The third priority investment is research and case studies. This would look like funding the centre described above or academics and researchers to investigate the baseline of the state of digital transformation in Canada, the benefits to organizations, and the barriers they face. Case studies can illustrate the possibilities, featuring early technology adopters like Kids Help Phone, which is saving lives using Artificial Intelligence and Machine Learning, and Furniture Bank, which is scaling via the cloud. 

 

Next, invest in talent 

Digital transformation is about talent, not technology. Technology evolves – and today’s cutting edge solution is tomorrow’s relic – so investments in talent can produce more enduring impacts. A Talent Stream should focus on building technology capacity at the board, executive, and staff level – again for the sector as a whole. This could include using matching services to place technology experts on boards, adding digital skills content to sector training platforms, and importing technology education programs from other sectors or countries. In our experience, organizations are more likely to invest in technical skills at the staff level than digital leadership skills among their boards and executives, but digital transformation needs everyone involved.

 

Last, invest in technology 

Direct investments in technology adoption should only be considered if money remains after funding infrastructure and talent. These are the riskiest projects with the lowest return, and an investment in an organization’s customer relationship management software, for example, is not an efficient use of public resources. To reduce risk, the Fund should set a high bar: applicants must secure contributions from private sector partners and show that the project will support multiple organizations using existing tools. 

What could that look like? The Canada Council for the Arts’ Digital Strategy Fund is a model of a sectoral approach to technology adoption. Existing Canadian supports for small businesses could also be adapted to the needs of our non-profits. US organizations have developed non-profit technology readiness assessments that could be adopted in Canada.

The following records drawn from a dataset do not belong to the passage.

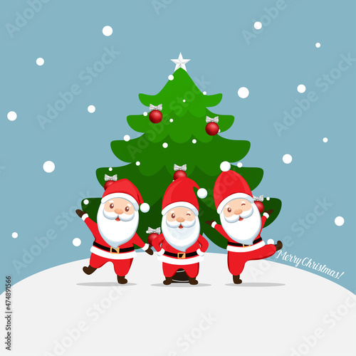 Santa Claus and Decorated Christmas tree. Merry Christmas and Happy New Year background. Vector illustration.
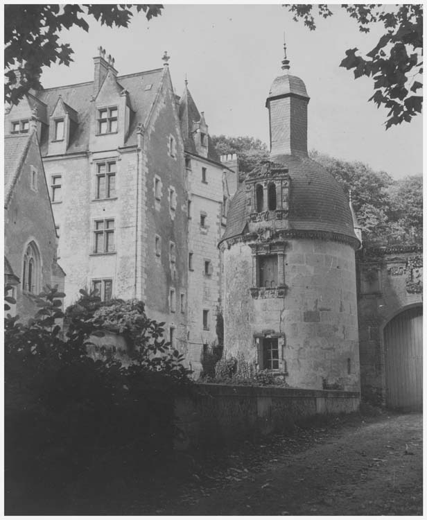 POP | Plateforme ouverte du patrimoineUne des tourelles encadrant la porte d'entrée. Vue d'ensemble depuis l'extérieur de l'enceinte. Pont
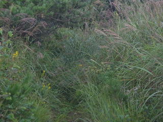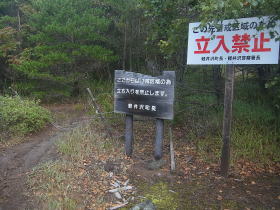 | 二つの登山道の合流地点。私が辿って来た方は立入禁止でした。知らずに立ち入り禁止区域に入ってしまいました。 |
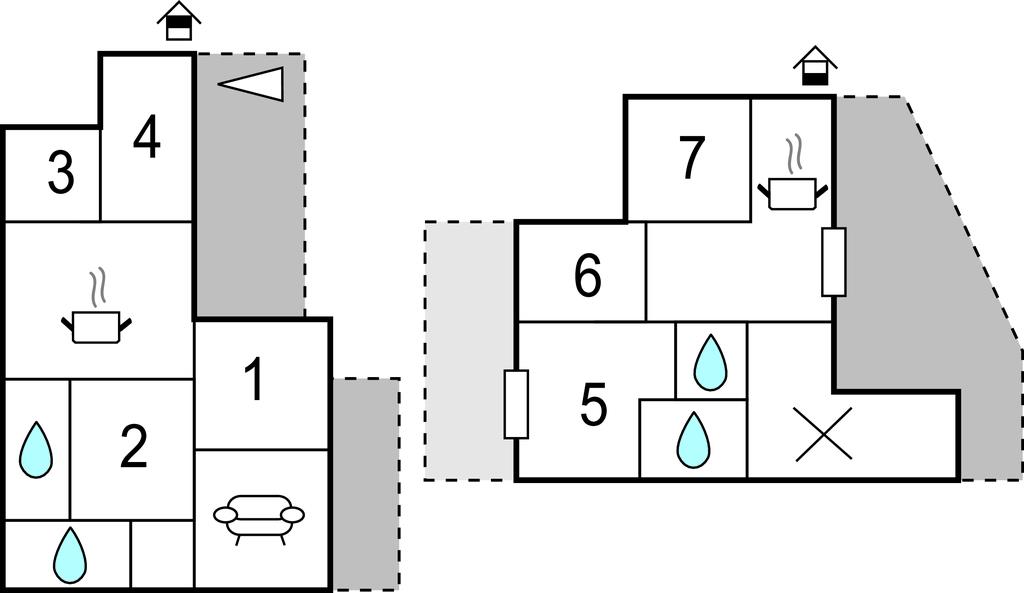 Die Unterkunft besteht aus drei voll ausgestatteten Wohnungen, die nicht intern, sondern über eine Außentreppe miteinander verbunden sind.
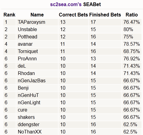 Seasons will last 2-3 months and you will be able to bet on everything imaginably possible from CO matches, eventual winners, grude matches, GSL matches etc! The SEABet main page can be accessed right here and has been added to the Features menu in the navbar on top. At the end of the season, the final winner of SEABet will win the "Nazmus's Prophecy" achievement. Trivia, veteris's first name is Nazmus! Also remember you must be logged in to use SEABet! Look for more bets in the news posts in future, the chatbox and of course the main SEABet page which is the best place to look.
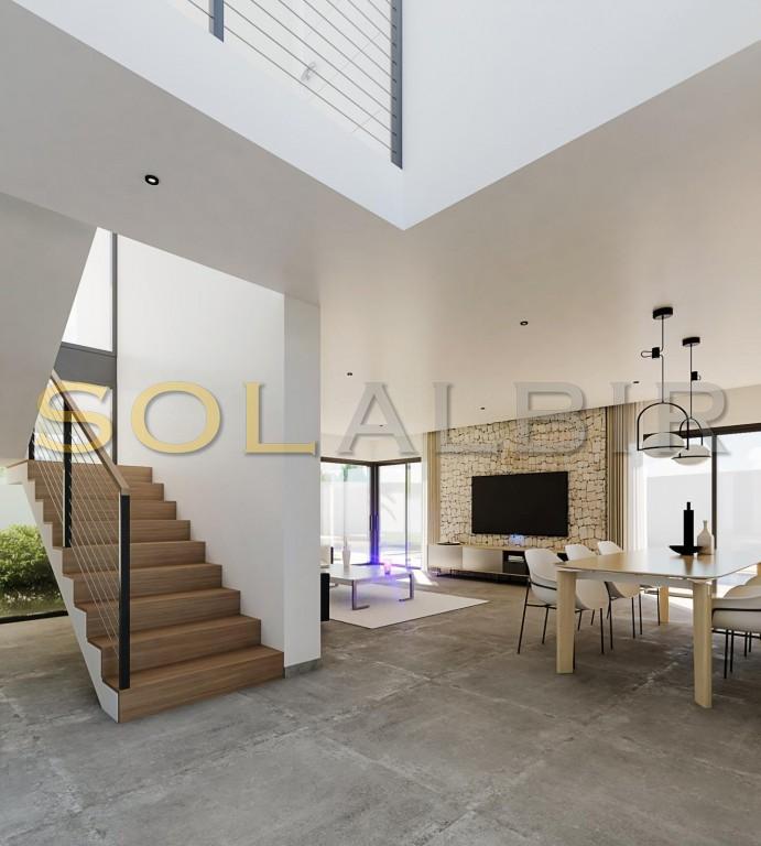 La planta baja tiene una sala de estar y comedor de planta abierta, conectado a una cocina moderna. Este espacio es perfecto para el entretenimiento y la vida diaria, y conduce a una piscina privada con escaleras integradas y una gran terraza y zona de jardín, ideal para disfrutar de los soleados días españoles.
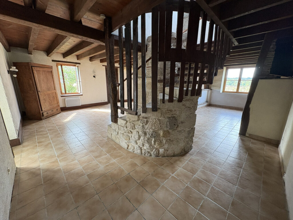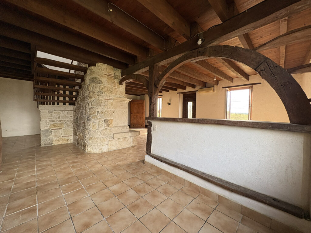 Au rez-de-chaussée, une grande pièce de vie lumineuse réunissant cuisine, salon et séjour, organisée autour d’une somptueuse cheminée du XVIe siècle et d’un splendide escalier en bois et pierre qui donne un caractère unique à l’ensemble.
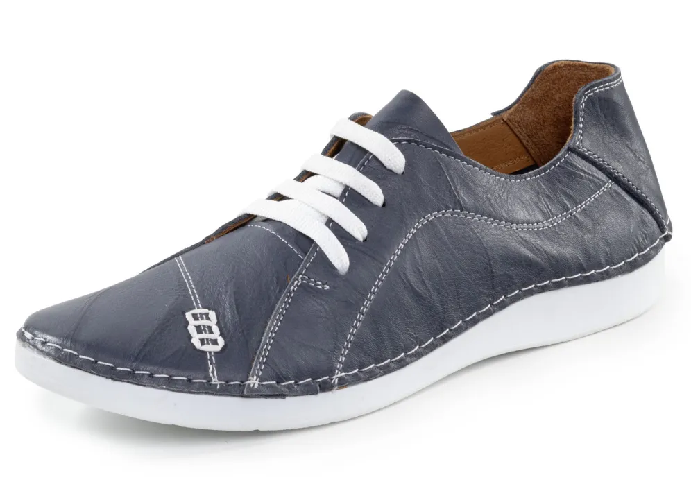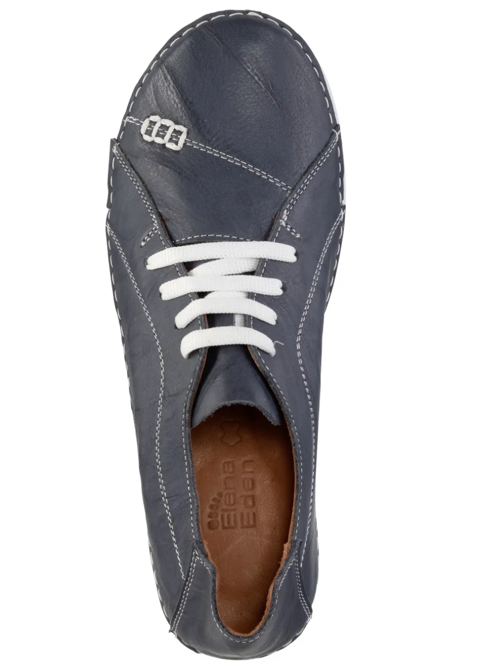 ELENA EDEN Schnürschuh mit Knitter-Struktur und Zier-Nähten in Marine und in Größe 41.
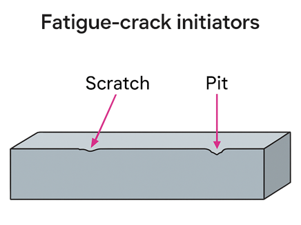 Controlling fatigue-crack initiators is a major goal in engineering and design. Processes like polishing, shot peening, surface coatings, and proper fillet radii are used to reduce stress concentrations. High-quality material selection, careful manufacturing, and preventive maintenance are equally critical in minimizing the sites where fatigue cracks can nucleate and threaten the reliability of a component.
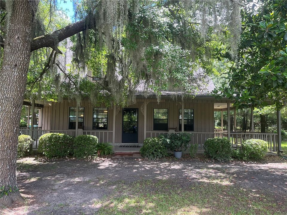 A serene setting in this well-maintained home with wood siding and updated features. The porch wraps around the house for a cool outside experience under the many trees on this 1.3-acre property. The finished sq ft. is 1386. It is the essence of peace and quiet in this neighborhood. It is close to Piggly Wiggly grocery store and restaurants nearby. The owners added a screened in sun porch to overlook the yard from the inside. There are 3 bedrooms and 2.5 baths. The primary bedroom and bath with walk-in closet is downstairs and two other bedrooms are upstairs with a main bathroom to share. The living room has a woodburning fireplace and built-in cabinets for storage. There is good storage in this house with walk-in flooring upstairs and storage under the stairwell. All appliances will remain with the house including the washer and dryer. Furniture is negotiable.
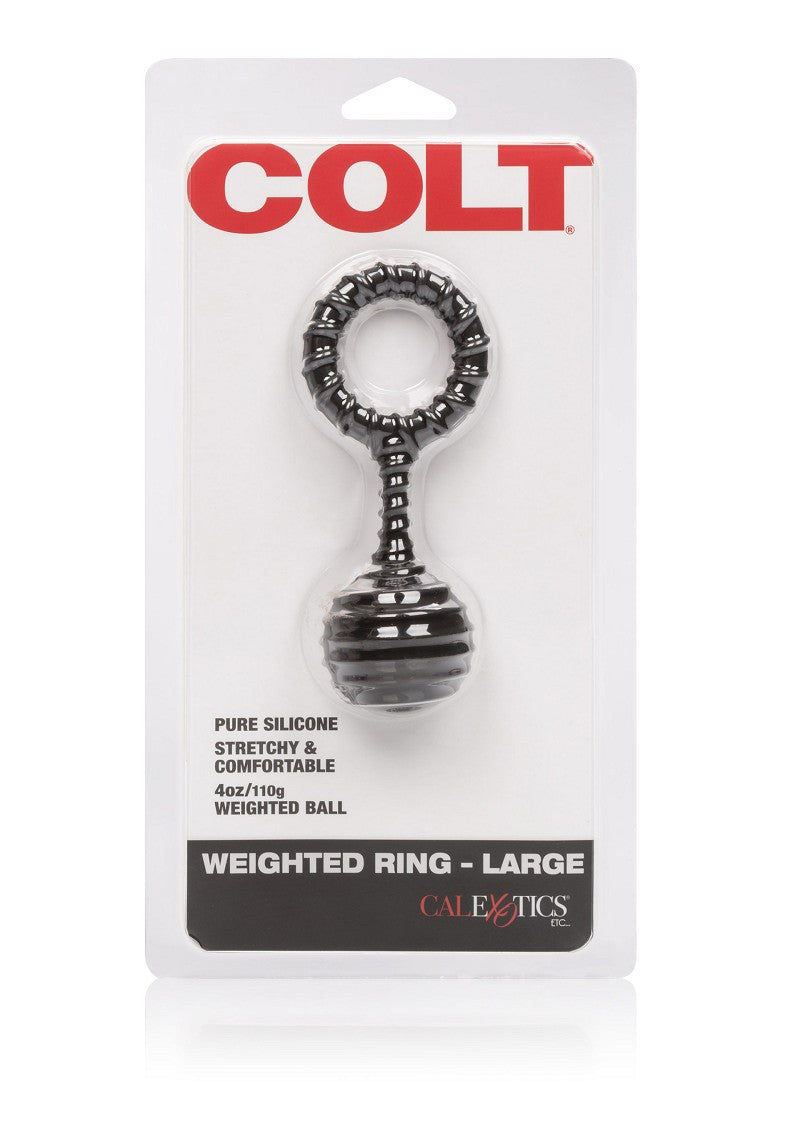The erotic sex toy innovators at CalExotics and the male-centric pleasure experts at Colt have partnered to create a line of sex toys for men dedicated to the masculine pleasure seeker. Whether you’re a bashful beginner or an erotic expert, Colt’s Weighted Ring is here to help you enhance your adventurous side. The sensationally weighted ball is connected to the stretchy, durable silicone cock ring covered in row after row of thrilling ridges. Our versatile penis ring is superb for everyone at any level of pleasure and those looking to length their pleasure tool. The comfortable male cock ring can be worn to effortlessly increase length or to turn up the heat with the erotic enhancement holding you tightly. The non-porous, hypoallergenic material pairs perfectly with your favorite water-based lubricants. Available in large. COLT Studio Group shares its unique vision of the masculine man with the world through photographic, film, video and a wide variety of all-male products. COLT Studio Group celebrates the erotic appeal of masculinity.The most trusted name in all-male erotic products is COLT. If the Look is Masculine, the name is COLT!

In the UK, sector challenges funded multiple organizations creating common outcomes to explore technology solutions with a digital partner. 

 

Building resilience 

COVID-19 has tested our individual and organizational resilience. Tragically, not all community services agencies will survive this crisis. We applaud the government for recognizing that to “build back better”, the sector must modernize and adapt. This will enhance the sector’s resilience, so that our community services will be there when we need them most.